The journey of life weaves, twists and turns. The scenery changes day by day, season by season.
At the end of 2010, I realized a need to revamp the relationships in my life, by changing the way I related to people. It seemed like a small change, but it turned out to be a much harder road to travel than I had guessed it would be. In the end, though, it was worth it.
The relationships I have today (all but one), compared to a year ago, are ever everything I had hoped they would be. That one -- if you are reading, you know who you are -- went the way I expected it to, despite what I wanted, and I don't know that I could have done anything different. I did everything I knew to do.
And for the last few months, I have stood at a cross road, wondering which direction to take. Wondering if my journey was to continue, or if I should hang up my traveling hat. Then, a month ago, the direction became clear. It is time to turn from internal things, to external things.
It is time to focus on making my house a home -- the kind of home I always dreamed it would be.

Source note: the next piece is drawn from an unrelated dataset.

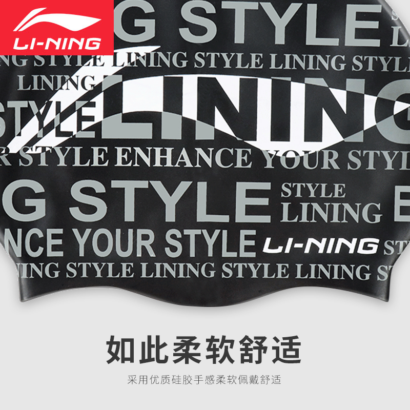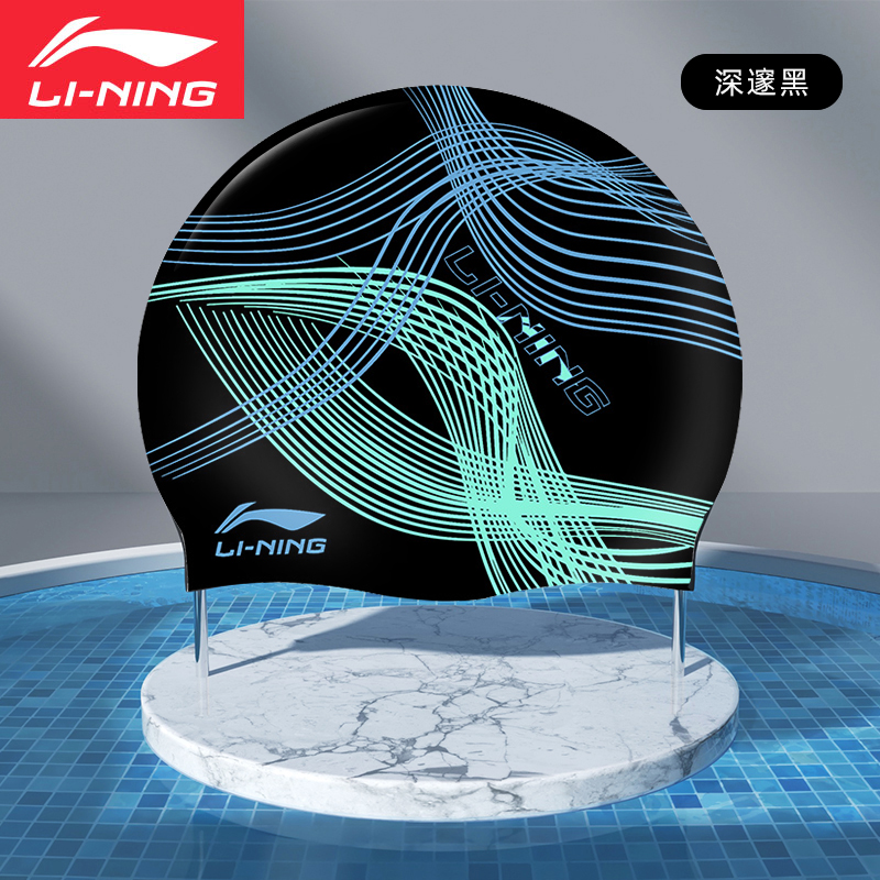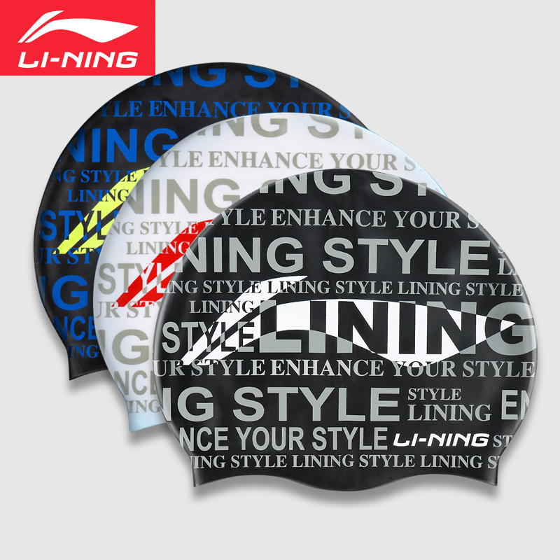 Li Ning Bathing Cap Silicone Waterproof Swimming Cap Woman Long Hair Comfort Inle Head Men's Fashion Training Competition Diving Equipment

As some of you know, I have been remodeling my kitchen for months. A little here and a little there, as I have the time and inspiration, squeezed between homeschooling, Awana, Teakwondo, and making other things. It is time to finish! Get the last cabinets up, have the builder install the flooring, repaint (nearly) everything.
It is not that this idea is new, but with the me I have become, the ideas are sharp and clear. I am no longer intimidated by everyone else's ideas. I no longer feel a need to conform or please society. The building I do is for me and my household, not resale value. If someone doesn't like what I have done, they can replace it! (Assuming we ever sell.)
Besides remodeling and decorating, I want to learn to really keep house. It's not that I don't know how to pick up after myself or clean nearly everything, but it is not a natural part of my thinking. I am an 'out of sight, out of mind' type of person. I forget that rooms in my house exist, if I don't see them frequently -- okay, not really truly forget, but I do forget in such a way that they might as well not exist, because they certainly are not being used the way they might. I want to change that.
I want housekeeping to come naturally, like it seemed to for one of my grandmas. I never saw much clutter in her house. I never saw a mess, even when making Christmas candy with her, and I never heard her mention the cleaning she had done.
I think that last point is what strikes me most. My mom's house was always immaculate, and my other grandmas, always clean, but they always let you know about the work they had done. It was always a big deal, and it seemed to take more time than it should. So, my goal is not just to learn to keep house, because I already know how, but to learn to do it effortlessly... naturally.